• _Supplied material_
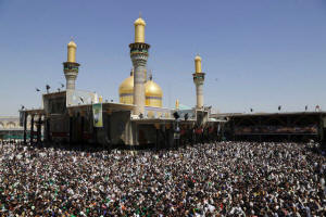 Muslim pilgrims in a southeastern suburb of Baghdad, Iraqi police
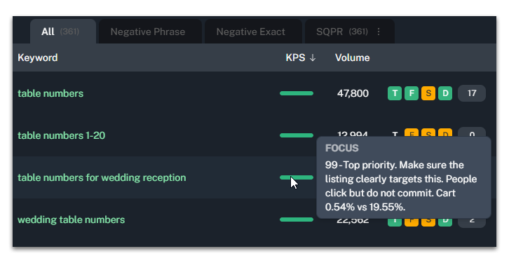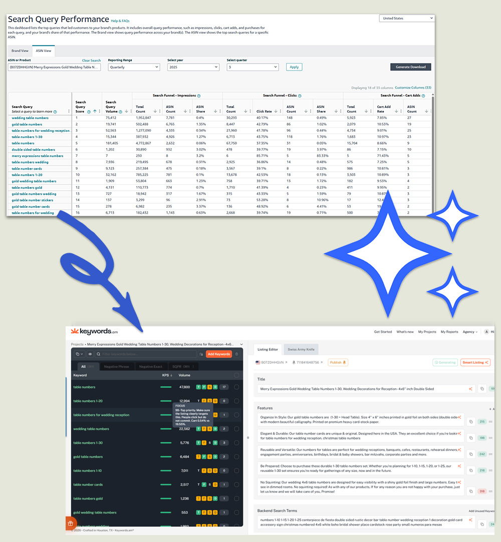 KPS turns Amazon’s Search Query Performance data into clear priorities and practical next steps. It helps you decide what deserves premium listing space and what can wait.
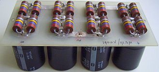 With a doubling or quadrupling circuit (fig»), adequate high voltage can be delivered. Series-connected modern electrolytic with large capacity and high voltage (e.g. 470 μF/400 V) will give adequate smoothing and regulation during modulation peaks. They should be individually bridged by an equalising resistance of 100 kΩ (2 W). For safety reasons and adequate cooling, it is better to have two 220 kΩ or three 330 kΩ resistors in parallel instead of one of 100 kΩ.
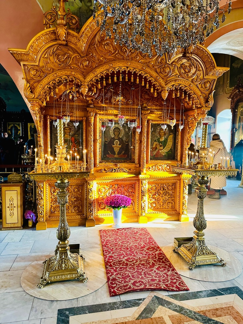 Заключительной точкой паломнического маршрута был Высоцкий ставропигиальный мужской монастырь, где перед чудотворным образом Божией Матери «Неупиваемая Чаша» было совершено молебное пение.
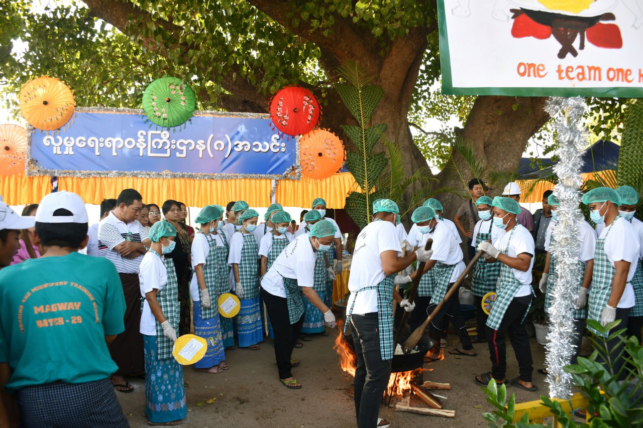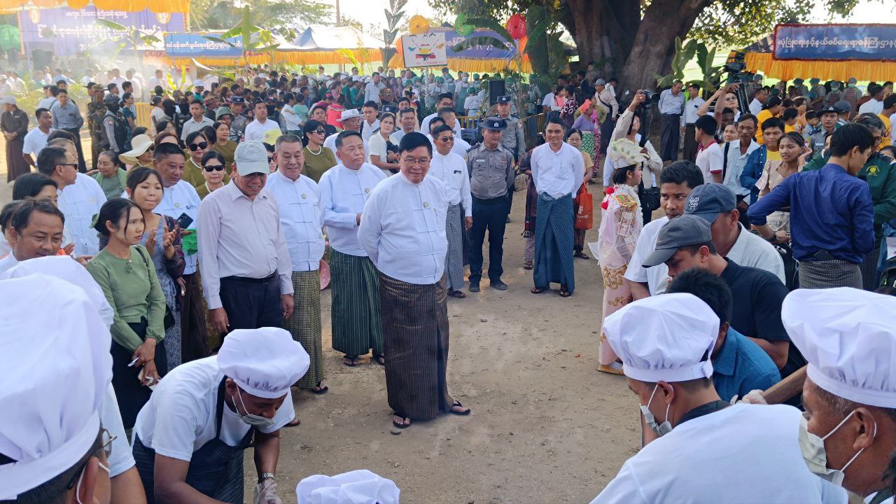 ဦးစွာ မကွေးတိုင်းဒေသကြီးဝန်ကြီးချုပ်နှင့် တာဝန်ရှိသူများက မြန်မာ့ရိုးရာထမနဲထိုးပြိုင်ပွဲ ဝင်ရောက်ယှဉ်ပြိုင်နေသည့် လုံခြုံရေးနှင့်နယ်စပ်ရေးရာဝန်ကြီးဌာန၊ စီးပွားရေးရာဝန်ကြီးဌာန၊ သယံဇာတရေးရာဝန်ကြီးဌာန၊ လူမှုရေးရာဝန်ကြီးဌာန၊ လမ်းပန်းဆက်သွယ်ရေးရာဝန်ကြီးဌာန၊ တိုင်းရင်းသားရေးရာဝန်ကြီးဌာနများမှ ကိုယ်စားပြုအသင်း (၁၃) သင်းတို့၏ တပျော်တပါး ထမနဲထိုးပြိုင်ပွဲဆင်နွှဲနေမှုနှင့် ပြိုင်ပွဲဝင်အသင်းကိုယ်စားပြုအကအဖွဲ့များ၏ ဖျော်ဖြေတင်ဆက်မှု များကို ကြည့်ရှု အားပေးခဲ့သည်။
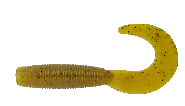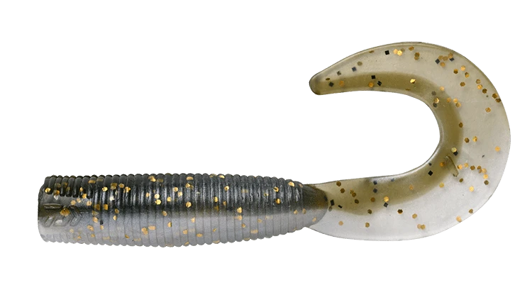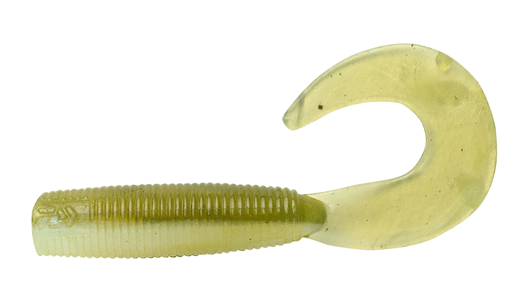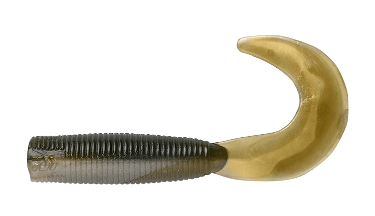 The 2.5” Grub features rigging lines top and bottom for those who prefer to rig tail up or down, and also features a handy DVEC logo printing on the side indicating a recommended trimming if you wish to use a slightly smaller profile bait in highly pressured situations.
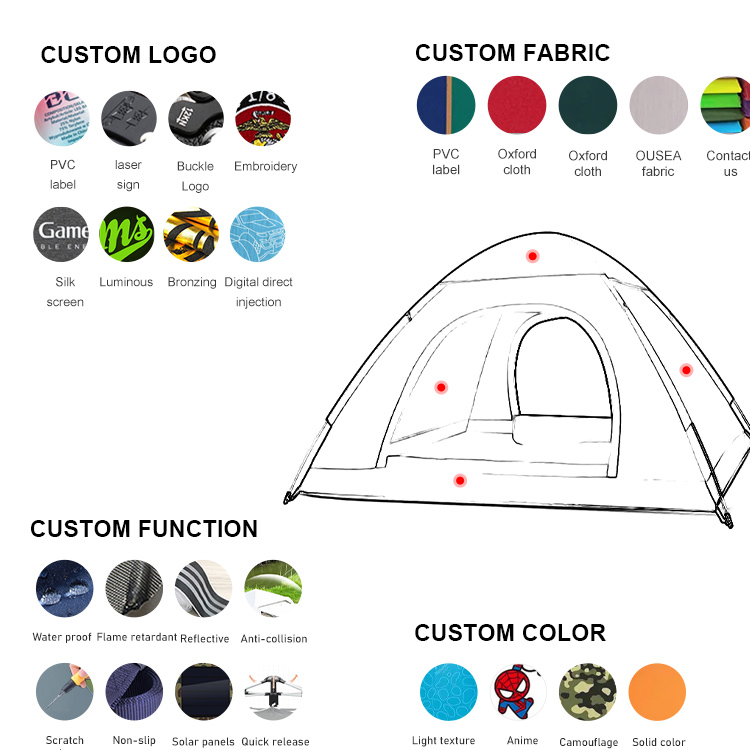 Автоматичний пляжний водонепроникний намет для кемпінгу на відкритому повітрі. Toile De Tente пропонує універсальну інтеграцію з різними продуктами для відпочинку на природі. Цей автоматичний пляжний намет має чудовий водонепроникний захист, що робить його ідеальним для безпечного кемпінгу та сімейних пригод. Його гнучкий дизайн забезпечує комфорт і надійність у різноманітних умовах.

• _Your assignment_
Retype all entries exactly; omit pictures.

• _Exercise solution_
 Muslim pilgrims in a southeastern suburb of Baghdad, Iraqi police
 KPS turns Amazon’s Search Query Performance data into clear priorities and practical next steps. It helps you decide what deserves premium listing space and what can wait.
 With a doubling or quadrupling circuit (fig»), adequate high voltage can be delivered. Series-connected modern electrolytic with large capacity and high voltage (e.g. 470 μF/400 V) will give adequate smoothing and regulation during modulation peaks. They should be individually bridged by an equalising resistance of 100 kΩ (2 W). For safety reasons and adequate cooling, it is better to have two 220 kΩ or three 330 kΩ resistors in parallel instead of one of 100 kΩ.
 Заключительной точкой паломнического маршрута был Высоцкий ставропигиальный мужской монастырь, где перед чудотворным образом Божией Матери «Неупиваемая Чаша» было совершено молебное пение.
 ဦးစွာ မကွေးတိုင်းဒေသကြီးဝန်ကြီးချုပ်နှင့် တာဝန်ရှိသူများက မြန်မာ့ရိုးရာထမနဲထိုးပြိုင်ပွဲ ဝင်ရောက်ယှဉ်ပြိုင်နေသည့် လုံခြုံရေးနှင့်နယ်စပ်ရေးရာဝန်ကြီးဌာန၊ စီးပွားရေးရာဝန်ကြီးဌာန၊ သယံဇာတရေးရာဝန်ကြီးဌာန၊ လူမှုရေးရာဝန်ကြီးဌာန၊ လမ်းပန်းဆက်သွယ်ရေးရာဝန်ကြီးဌာန၊ တိုင်းရင်းသားရေးရာဝန်ကြီးဌာနများမှ ကိုယ်စားပြုအသင်း (၁၃) သင်းတို့၏ တပျော်တပါး ထမနဲထိုးပြိုင်ပွဲဆင်နွှဲနေမှုနှင့် ပြိုင်ပွဲဝင်အသင်းကိုယ်စားပြုအကအဖွဲ့များ၏ ဖျော်ဖြေတင်ဆက်မှု များကို ကြည့်ရှု အားပေးခဲ့သည်။
 The 2.5” Grub features rigging lines top and bottom for those who prefer to rig tail up or down, and also features a handy DVEC logo printing on the side indicating a recommended trimming if you wish to use a slightly smaller profile bait in highly pressured situations.
 Автоматичний пляжний водонепроникний намет для кемпінгу на відкритому повітрі. Toile De Tente пропонує універсальну інтеграцію з різними продуктами для відпочинку на природі. Цей автоматичний пляжний намет має чудовий водонепроникний захист, що робить його ідеальним для безпечного кемпінгу та сімейних пригод. Його гнучкий дизайн забезпечує комфорт і надійність у різноманітних умовах.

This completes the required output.